The length of time it takes to visit a doctor or dentist can be quite variable depending on individual doctors and facilities. However, many hospitals have standardized guidelines for waiting times at least once a year. The same goes for dentists!
Most experts agree that a basic non-invasive oral examination (looking but not touching) usually doesn’t take longer than 20 minutes. Some may even be done while you’re both sitting down together.
Are there any side effects of dental cleaning?
One of the most common questions that patients ask is how long does it take to properly clean your teeth. Most dentists will tell you that a routine check-up includes two main components, an oral exam and a professional brush and scrubbing of your mouth.

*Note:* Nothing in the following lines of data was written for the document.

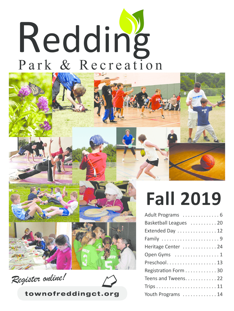 Redding Park & Recreational 2019Register online! Townofreddingct.adult Programs. . . . . . . . . . . . . . . 6 Basketball Leagues. . . . . . . . . . 20 Extended Day. . . . . . . . . . . . . . 12 Family.
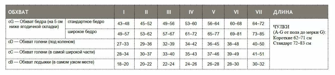 cG – обхват бедра (на 5 см ниже ягодичной складки), см |
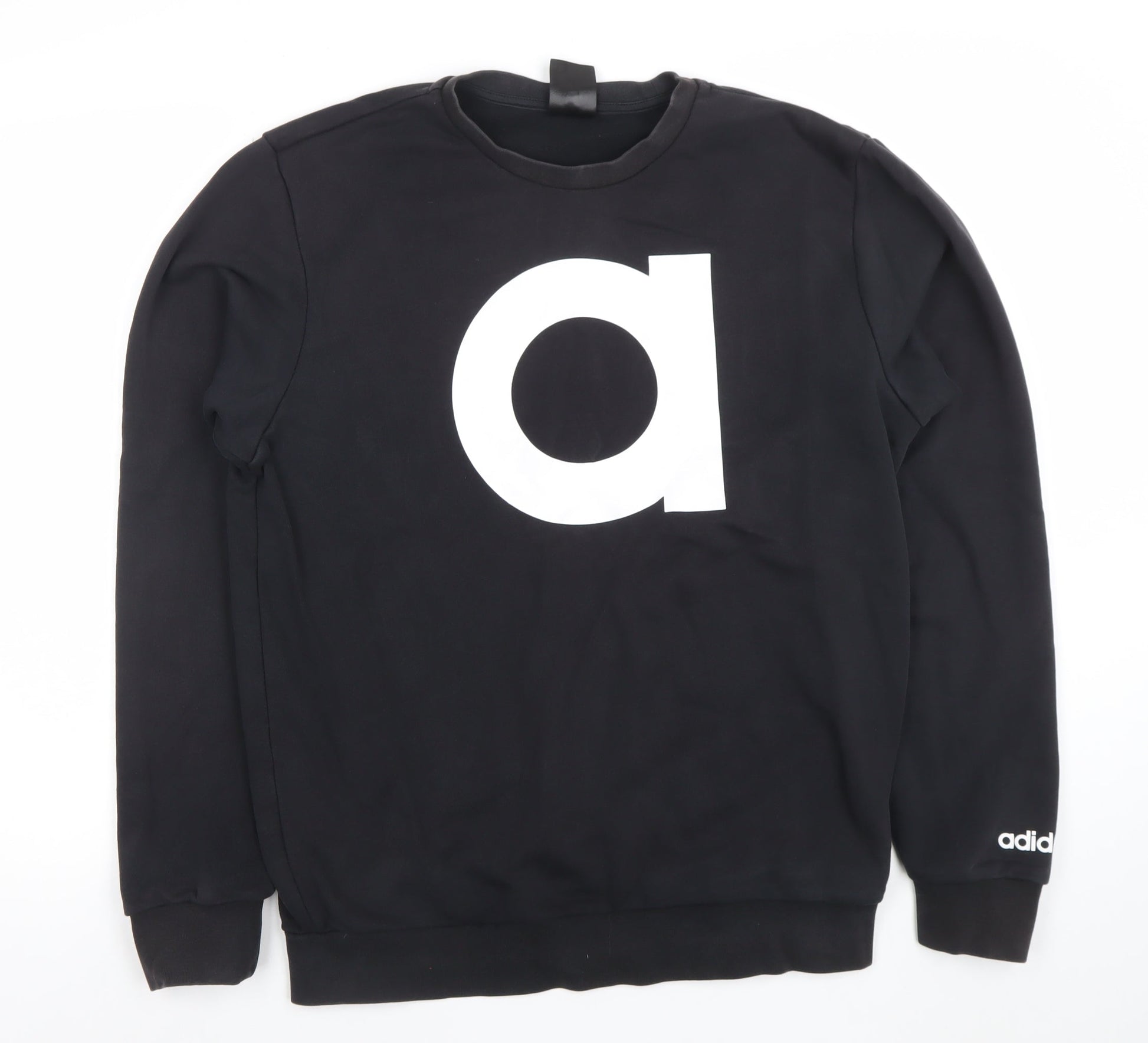 adidas Mens Black Large Logo Sweatshirt Crew Neck Long Sleeve
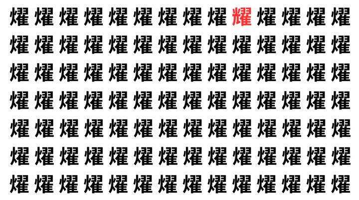 たくさんの「燿」の中に、よく似た別の漢字が1文字だけ隠れています。

During the oral examination part, your dentist will look at all areas of your mouth – both visible and hidden – to determine if anything looks abnormal or needs attention. If everything checks out fine, then they’ll move onto the next step which is to use a special tool to perform a careful inspection under a microscope called a periodontal probe.
This device has very small hairs which are used to measure the depth of gum pockets around each tooth. When inserted into a deep pocket, the instrument makes a clicking sound as it hits bone or tissue. This can indicate possible infection so your dentist may need to do additional testing to see what kind of treatment is needed.
What should I do after a dental cleaning?
The next day, check out the new you! You’ll notice your skin is slightly brighter and smoother than before. Your hair will look healthier and lusterous. And of course, your teeth will look much better!
All this improvement happens within one to two days depending on how busy our dentist/dental hygienist team is that week. They may have had to take extra time to make sure all areas were thoroughly cleaned because there was very little plaque left or they needed to replace missing tooth tissue due to gum disease (periodontal disease).